* Material supplied *
──────────
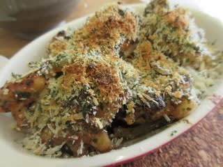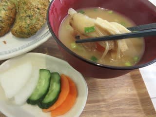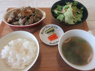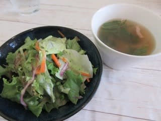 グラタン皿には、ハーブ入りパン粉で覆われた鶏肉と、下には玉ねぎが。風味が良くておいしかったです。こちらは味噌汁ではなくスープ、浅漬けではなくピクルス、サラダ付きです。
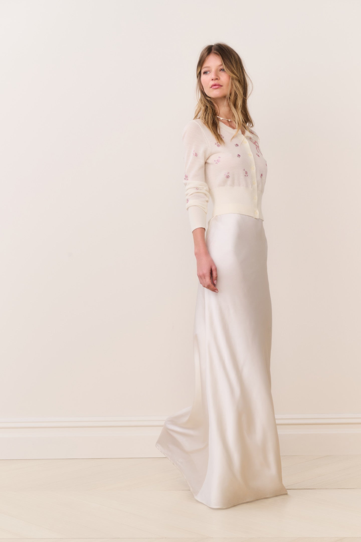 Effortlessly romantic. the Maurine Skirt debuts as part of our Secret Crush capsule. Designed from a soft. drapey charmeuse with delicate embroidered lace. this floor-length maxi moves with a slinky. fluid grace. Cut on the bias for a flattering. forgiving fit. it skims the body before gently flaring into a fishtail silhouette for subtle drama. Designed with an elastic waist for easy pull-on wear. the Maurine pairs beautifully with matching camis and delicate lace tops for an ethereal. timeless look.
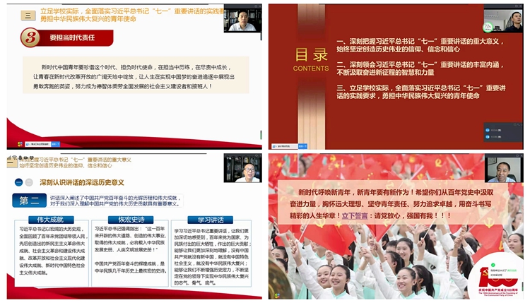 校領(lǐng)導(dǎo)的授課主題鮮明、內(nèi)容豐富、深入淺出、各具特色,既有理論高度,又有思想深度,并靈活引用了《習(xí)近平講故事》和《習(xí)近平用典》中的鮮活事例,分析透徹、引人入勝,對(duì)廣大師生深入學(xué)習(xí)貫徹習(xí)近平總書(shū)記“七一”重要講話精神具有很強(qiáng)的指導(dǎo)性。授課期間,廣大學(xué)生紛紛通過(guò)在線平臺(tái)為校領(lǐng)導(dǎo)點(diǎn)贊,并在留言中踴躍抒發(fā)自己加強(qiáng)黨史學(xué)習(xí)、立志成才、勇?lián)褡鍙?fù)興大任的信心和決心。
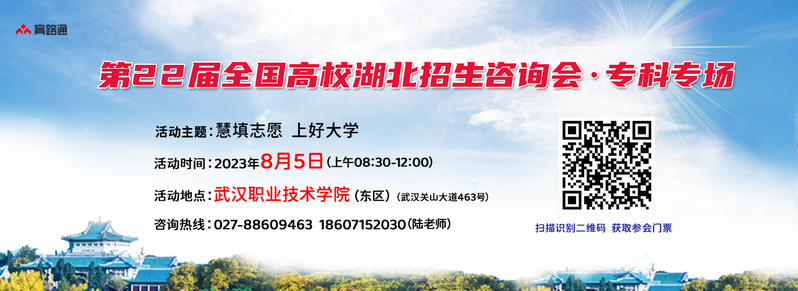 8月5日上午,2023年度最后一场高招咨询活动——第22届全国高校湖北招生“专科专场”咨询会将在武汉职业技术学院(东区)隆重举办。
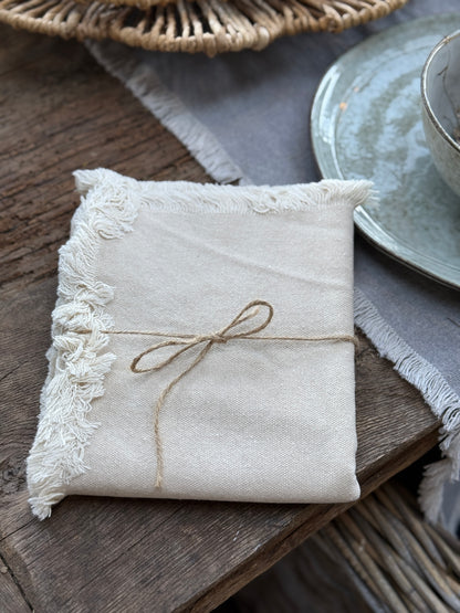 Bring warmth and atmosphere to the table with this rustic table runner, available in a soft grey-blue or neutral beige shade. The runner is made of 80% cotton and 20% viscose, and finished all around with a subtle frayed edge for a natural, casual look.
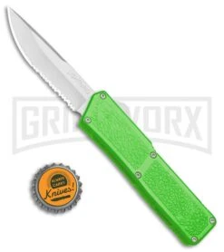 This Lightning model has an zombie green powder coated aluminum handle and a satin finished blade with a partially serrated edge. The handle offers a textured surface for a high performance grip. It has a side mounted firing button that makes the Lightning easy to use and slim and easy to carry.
──────────
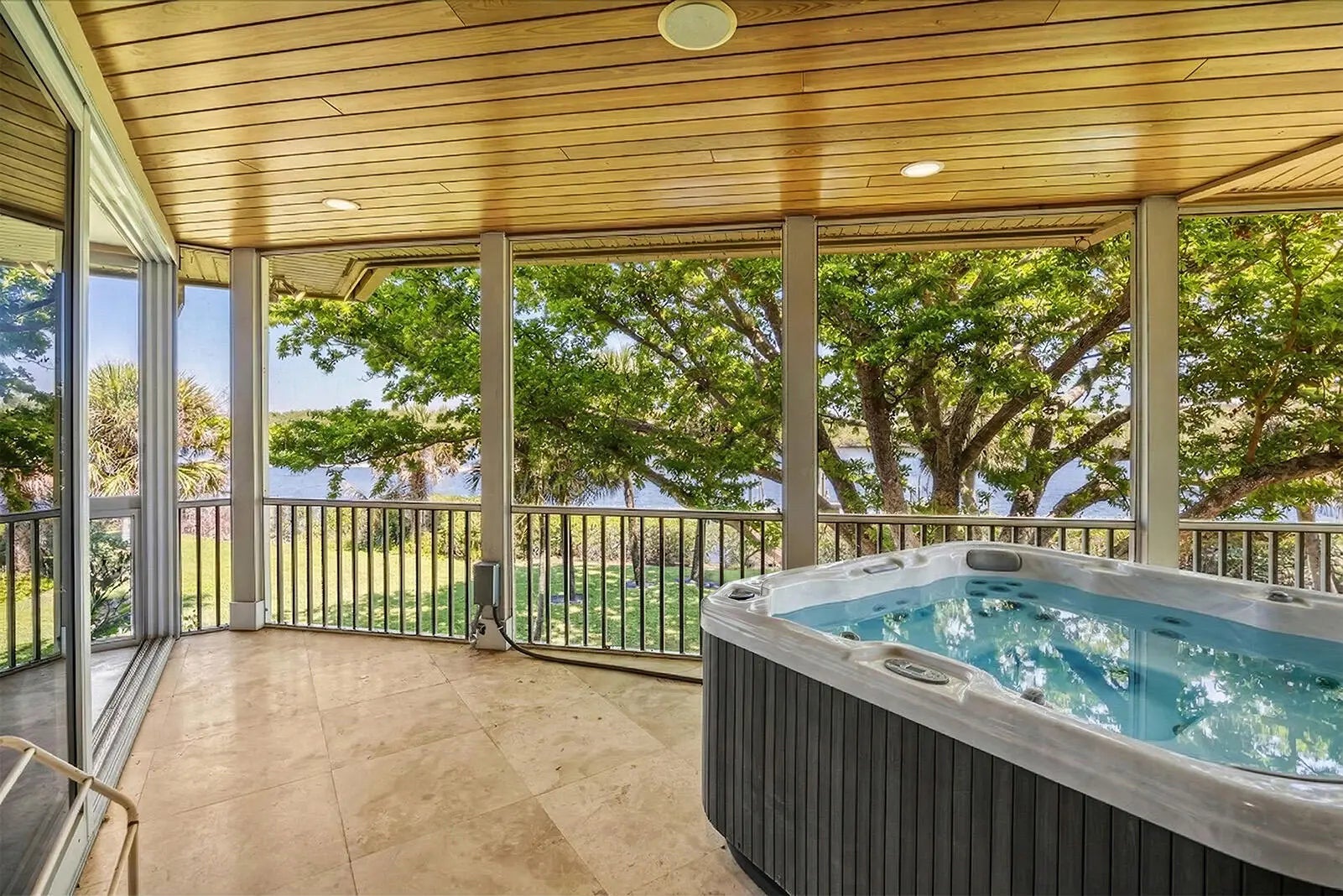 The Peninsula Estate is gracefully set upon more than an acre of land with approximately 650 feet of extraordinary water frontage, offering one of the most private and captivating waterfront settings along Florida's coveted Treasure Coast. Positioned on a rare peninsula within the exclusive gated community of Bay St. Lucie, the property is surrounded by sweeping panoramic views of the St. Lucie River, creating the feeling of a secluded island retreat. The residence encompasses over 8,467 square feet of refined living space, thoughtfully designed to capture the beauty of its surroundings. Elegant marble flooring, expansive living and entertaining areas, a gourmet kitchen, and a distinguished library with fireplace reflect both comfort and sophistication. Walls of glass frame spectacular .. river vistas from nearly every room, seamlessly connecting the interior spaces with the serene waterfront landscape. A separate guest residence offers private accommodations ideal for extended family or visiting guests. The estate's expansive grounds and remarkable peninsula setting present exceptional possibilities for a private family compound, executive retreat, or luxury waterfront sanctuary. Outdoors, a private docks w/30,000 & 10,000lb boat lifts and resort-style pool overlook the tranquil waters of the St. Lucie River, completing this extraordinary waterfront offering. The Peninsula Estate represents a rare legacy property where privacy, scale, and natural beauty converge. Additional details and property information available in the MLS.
──────────
* Exercise goal *
Would you please reproduce the entries above, starting at the line with "Bring warmth and" and stopping after the line with "This Lightning model"? Omit any pictures.

* Result for this task *
 Bring warmth and atmosphere to the table with this rustic table runner, available in a soft grey-blue or neutral beige shade. The runner is made of 80% cotton and 20% viscose, and finished all around with a subtle frayed edge for a natural, casual look.
 This Lightning model has an zombie green powder coated aluminum handle and a satin finished blade with a partially serrated edge. The handle offers a textured surface for a high performance grip. It has a side mounted firing button that makes the Lightning easy to use and slim and easy to carry.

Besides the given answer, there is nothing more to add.